(Data for this exercise Opens)

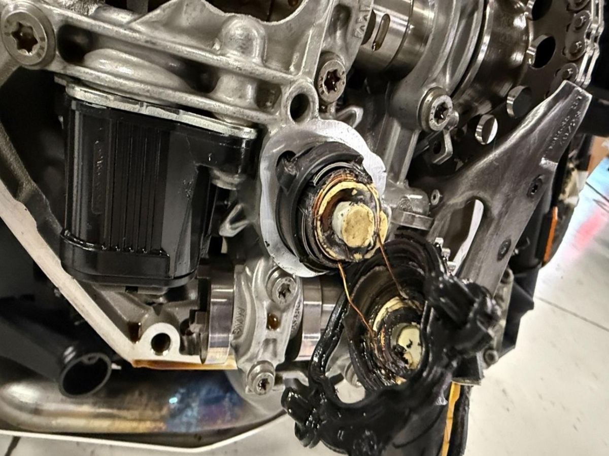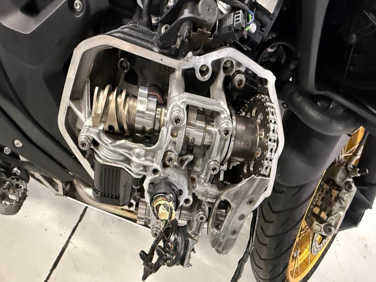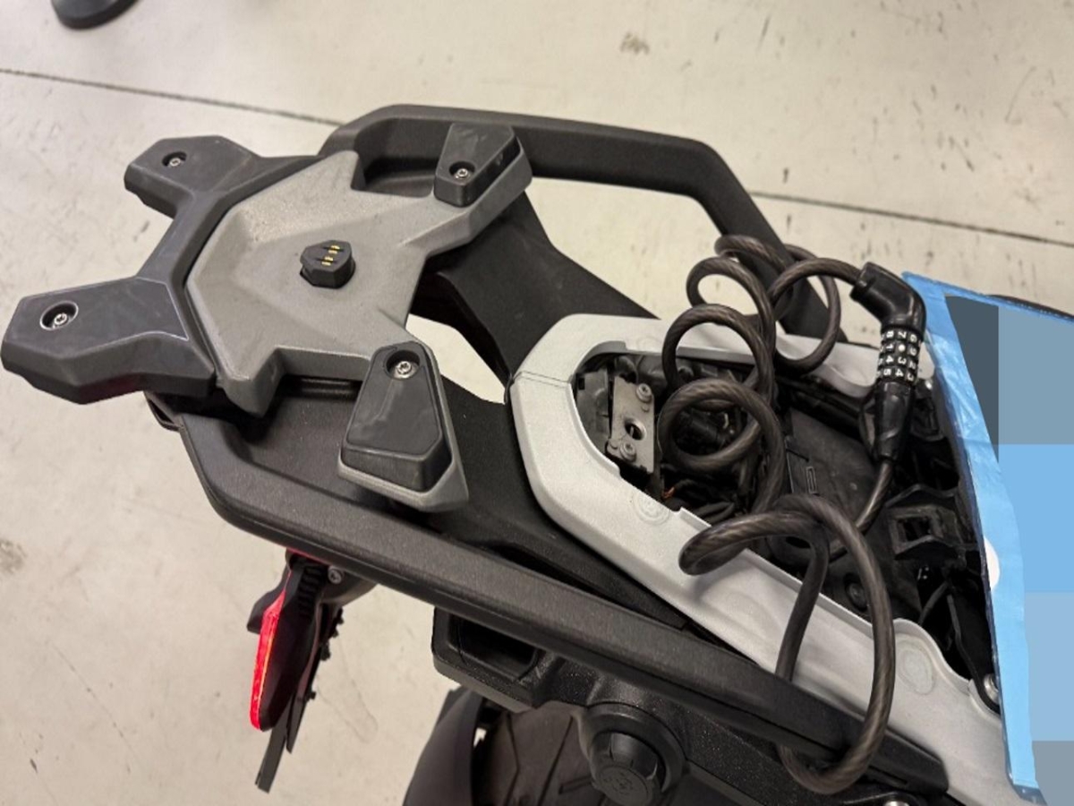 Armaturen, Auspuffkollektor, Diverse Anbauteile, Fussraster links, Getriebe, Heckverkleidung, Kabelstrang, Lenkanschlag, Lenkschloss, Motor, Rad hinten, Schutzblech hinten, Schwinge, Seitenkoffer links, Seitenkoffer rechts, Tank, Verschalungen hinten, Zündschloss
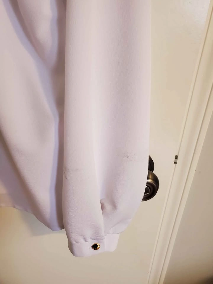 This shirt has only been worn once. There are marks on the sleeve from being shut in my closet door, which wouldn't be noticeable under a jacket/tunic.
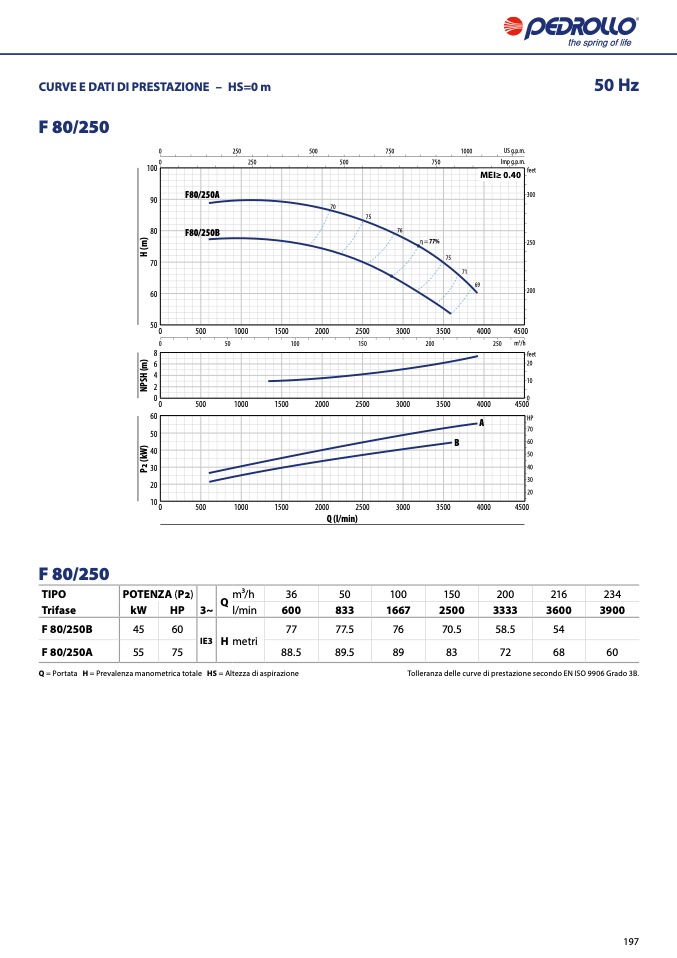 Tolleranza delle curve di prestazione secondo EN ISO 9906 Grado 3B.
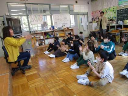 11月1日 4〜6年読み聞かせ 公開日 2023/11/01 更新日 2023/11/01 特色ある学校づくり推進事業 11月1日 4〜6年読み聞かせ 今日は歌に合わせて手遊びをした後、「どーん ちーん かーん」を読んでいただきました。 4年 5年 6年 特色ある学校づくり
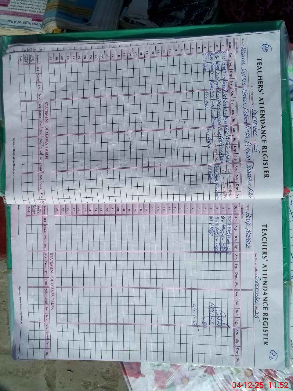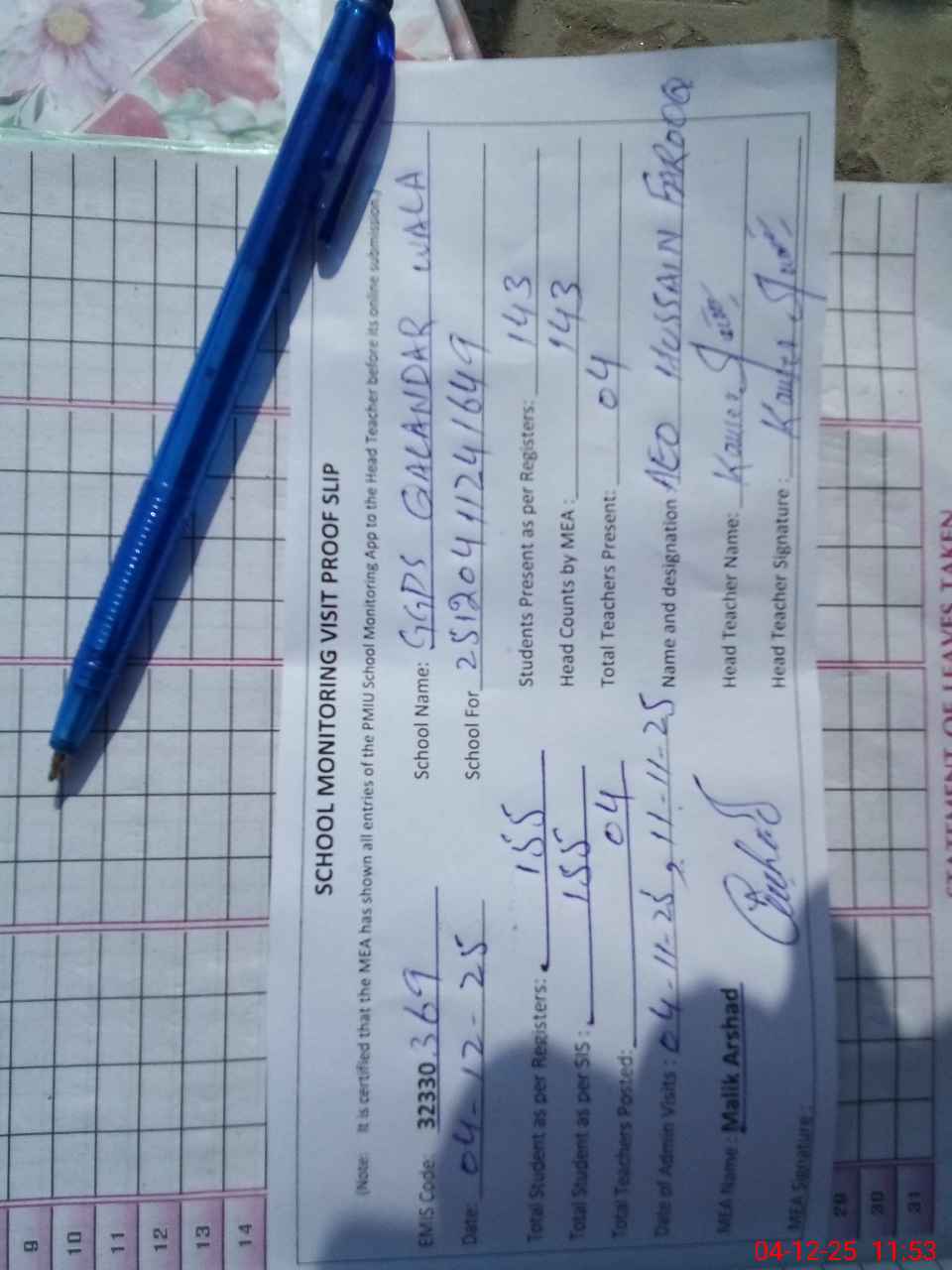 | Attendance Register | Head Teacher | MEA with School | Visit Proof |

(Data for this exercise Closes)

Pictures stay out; reproduce exactly the lines from the one containing "Tolleranza delle curve" through the last line of the listing, both included.

 Tolleranza delle curve di prestazione secondo EN ISO 9906 Grado 3B.
 11月1日 4〜6年読み聞かせ 公開日 2023/11/01 更新日 2023/11/01 特色ある学校づくり推進事業 11月1日 4〜6年読み聞かせ 今日は歌に合わせて手遊びをした後、「どーん ちーん かーん」を読んでいただきました。 4年 5年 6年 特色ある学校づくり
 | Attendance Register | Head Teacher | MEA with School | Visit Proof |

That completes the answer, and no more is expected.